- Date: 16 – 22 March
- Edition: 12th
- Surface: Hard
- Location: Cuernavaca, Mexico

Champions

Singles
- Michael Mmoh

Doubles
- Andrés Andrade / Federico Agustín Gómez
- ← 2025 · Morelos Open · 2027 →

= 2026 Morelos Open =

The 2026 Morelos Open was a professional tennis tournament played on outdoor hard courts. It was the 12th edition of the tournament which was part of the 2026 ATP Challenger Tour.
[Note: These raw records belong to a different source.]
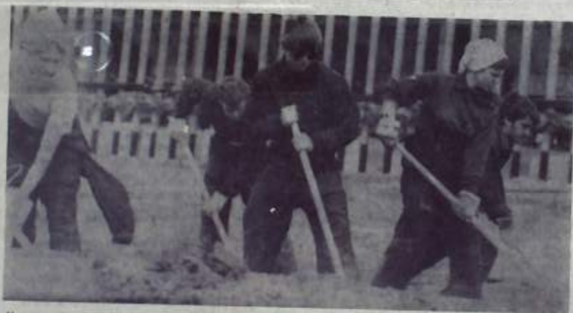
Четвертая бригада отряда «Икар» ведет строительство монолитной дороги.
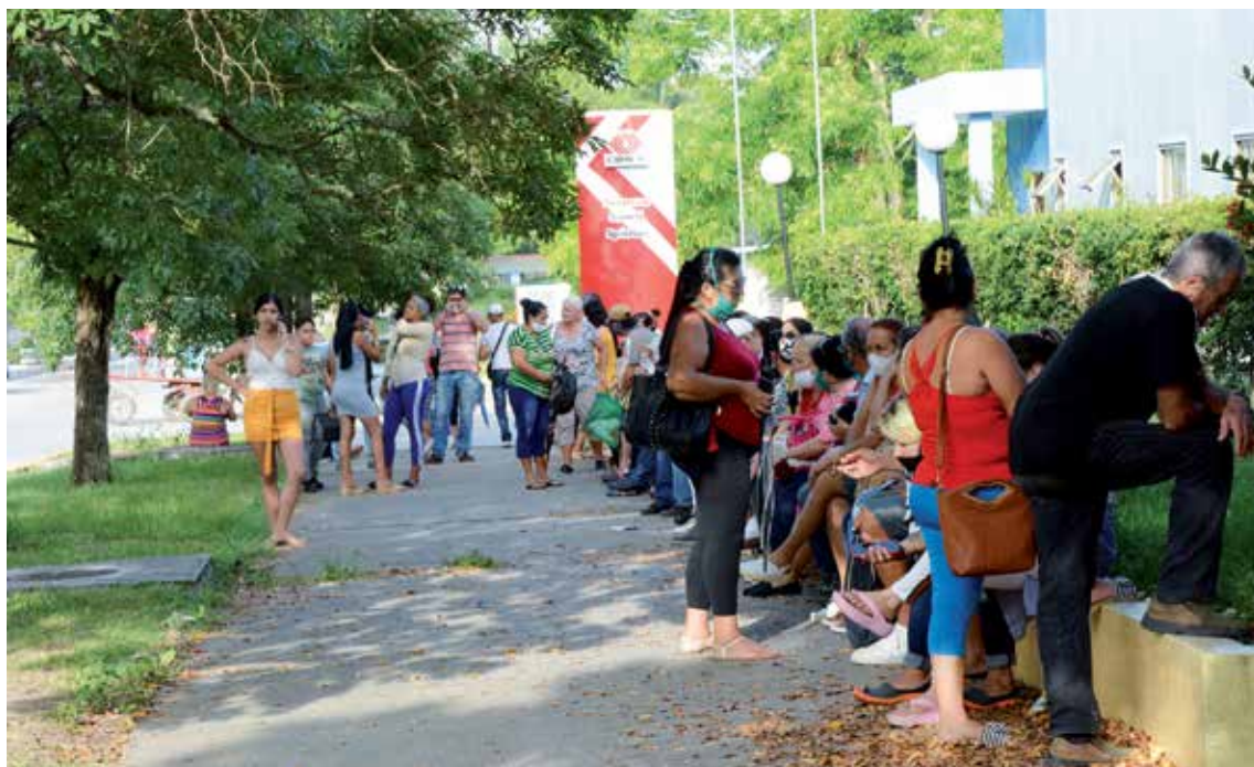
Varias personas aguardan diariamente para solicitar su tarjeta en las afueras de Fincimex.
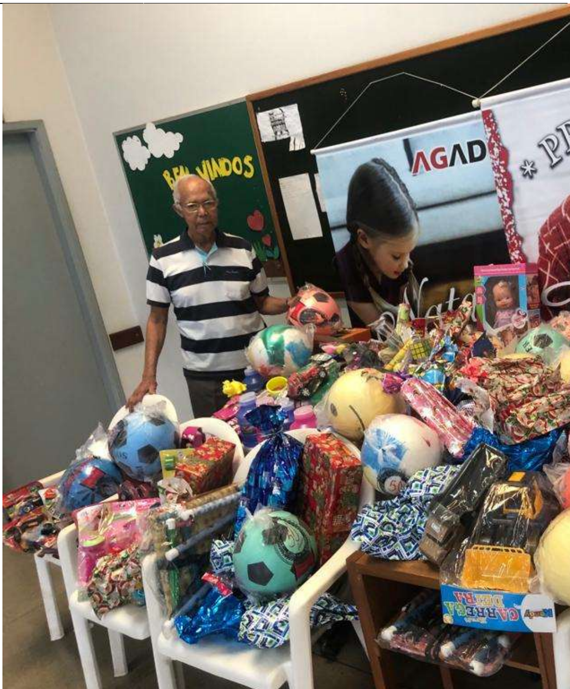
Doação de Brinquedos
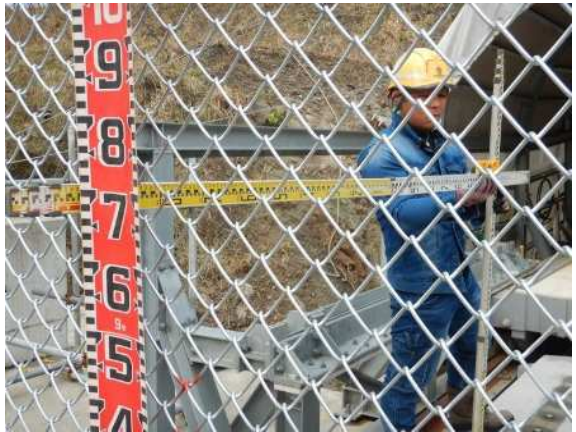
緩衝装置設置状況
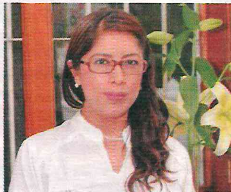
LA EXFUNCIONARIA, en imagen de archivo.

ANTE UNA AGRESIÓN , la exsubprocuradora sugiere a las víctimas acudir al servicio médico de inmediato; por la falta de la legislación de sujeción química, el ilícito se trabajaba bajo un supuesto de violación, indica
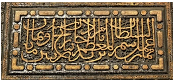
Resim-3. Bursa Ulu Camii minberi. Bani kitabesi

It took place in Cuernavaca, Mexico, between 16 and 22 March 2026.

== Singles main draw entrants ==
=== Seeds ===

| Country | Player | Rank^{1} | Seed |
|---|---|---|---|
| ARG | Federico Agustín Gómez | 185 | 1 |
| ARG | Juan Pablo Ficovich | 186 | 2 |
| GBR | Oliver Crawford | 196 | 3 |
| CAN | Alexis Galarneau | 219 | 4 |
| SUI | Marc-Andrea Hüsler | 221 | 5 |
| ECU | Andrés Andrade | 236 | 6 |
| USA | Stefan Kozlov | 270 | 7 |
| USA | Andres Martin | 272 | 8 |

- ^{1} Rankings as of 2 March 2026.

=== Other entrants ===
The following players received wildcards into the singles main draw:
- MEX Rodrigo Alujas
- MEX Alejandro Hayen
- MEX Alan Magadán

The following player received entry into the singles main draw using a protected ranking:
- USA Aidan Mayo

The following player received entry into the singles main draw as an alternate:
- USA Alafia Ayeni

The following players received entry from the qualifying draw:
- FRA Robin Catry
- BEL Tibo Colson
- AUS Jake Delaney
- MEX Alan Fernando Rubio Fierros
- COL Miguel Tobón
- JPN Takeru Yuzuki

== Champions ==
=== Singles ===

- USA Michael Mmoh def. JPN Taro Daniel 4–6, 6–4, 6–3.

=== Doubles ===

- ECU Andrés Andrade / ARG Federico Agustín Gómez def. IND Rithvik Choudary Bollipalli / IND Arjun Kadhe 6–3, 7–6^{(7–4)}.